Nissl staining and cortical volume measurement

Brains from WT (n = 17) and SR−/− (n = 20) were removed, postfixed in 2% formaldehyde (1 week), and cryoprotected in 30% sucrose. Brains were exhaustively sectioned (160 µm) on a freezing microtome, with the position of the first cut for each brain randomly selected as to ensure systematic uniform random sampling. Every third section was mounted on gelatin-coated slides and stained using 0.1% cresylecht violet solution (pH 3.5). Cortical volume was estimated at 4x on a Zeiss Axioskop40 by the Cavalieri method (800 µm grid size; 14–18 sections per brain) using Stereo Investigator software (MBF Bioscience, Williston, VT). The grid size chosen estimated volumes with high precision (coefficient of error: 0.005).

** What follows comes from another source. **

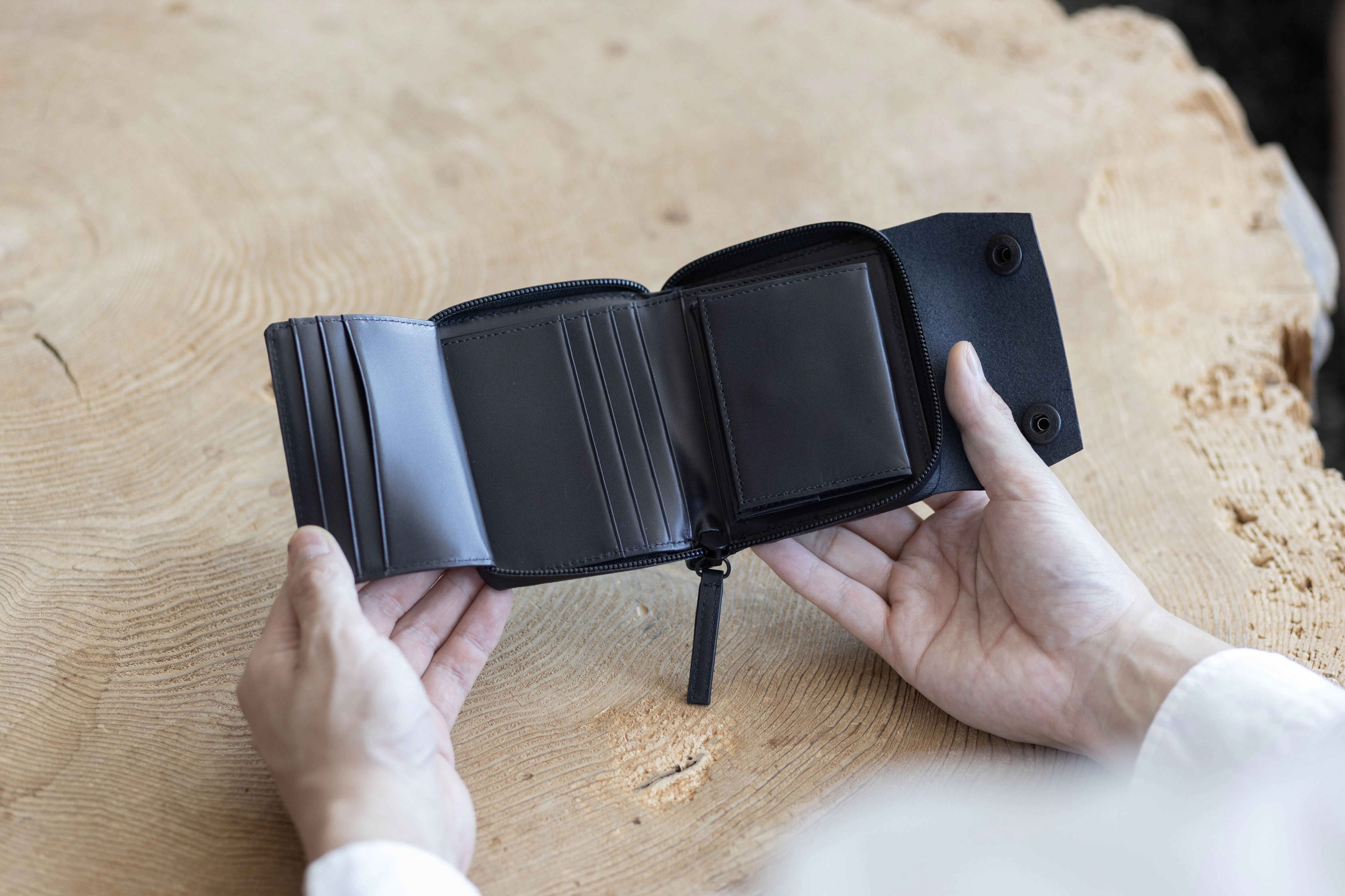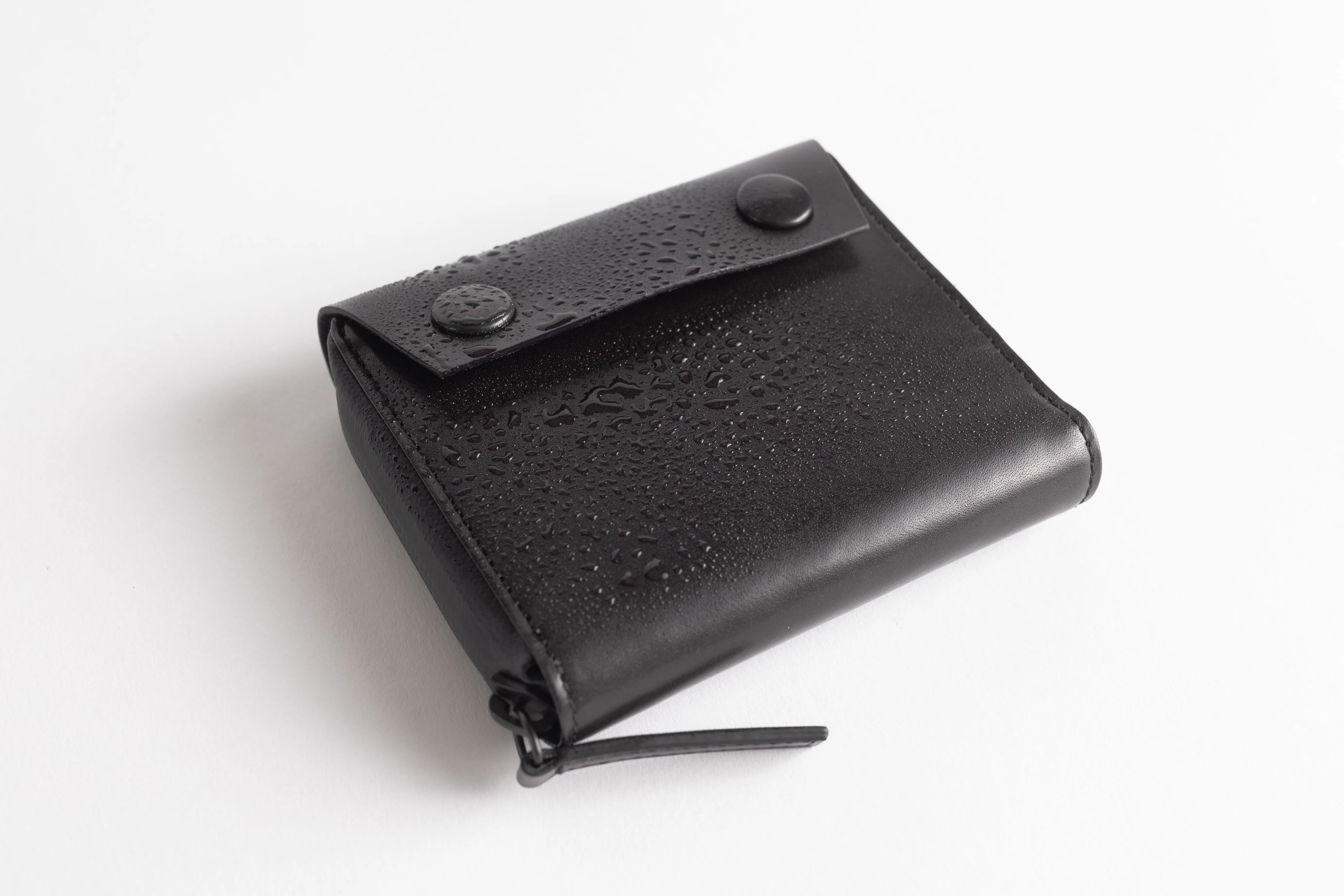 さらに、YKK製の止水ファスナー「AquaGuard®NATULON®」を装備しており、「スコッチガード™」皮革保護剤で加工されたレザーが持つ高い撥水性と相まって、内部の水濡れへの対策は万全です。急な雨から、大切な紙幣や貴重品を守ります。

Cytochrome oxidase immunohistochemistry and analysis of posteromedial barrel subfield (PMBSF) of the somatosensory cortex

Brains from WT (n = 8) and SR−/− (n = 10) mice were removed and placed in a Braintree Scientific acrylic mouse brain matrix (1 mm section coronal; Braintree, MA). A 4mm block (approximately bregma 1.5mm to −2.5mm) was taken and all subcortical structures, as well as ventral cortex, were removed. The remaining tissue was fixed for several hours in 4% formaldehyde dissolved in 0.1M phosphate buffer (PB, pH 7.4). The cortices were then placed overnight in between glass microscope slides to facilitate flattening, and transferred to plastic immunohistochemistry slide staining jars that were filled with 4% formaldehyde solution. The cortices were then cryoprotected in 30% sucrose for 24h. The flatted brains were sectioned (80 µm) on a freezing microtome. The free-floating sections were then stained for cytochrome oxidase using 0.1M phosphate buffered saline (PBS) solution (pH 7.4) containing: 32.4 µM cytochrome c (Sigma Aldrich; St. Louis MO), 146 mM sucrose (Fisher Scientific; Fair Lawn, NJ), and 2.08mM DAB (Sigma Aldrich; St. Louis MO). The solution was stirred for approximately 1.5h and then passed through a 0.45 µm filter. Sections were incubated at 35° C for 3h on a shaker, after which Millipore water was added to stop the reaction. Sections were mounted on gelatin-coated slides, dehydrated with ethanol (70%, 80%, 95%, 100%; 5 min each), and cleared with xylenes (5 min).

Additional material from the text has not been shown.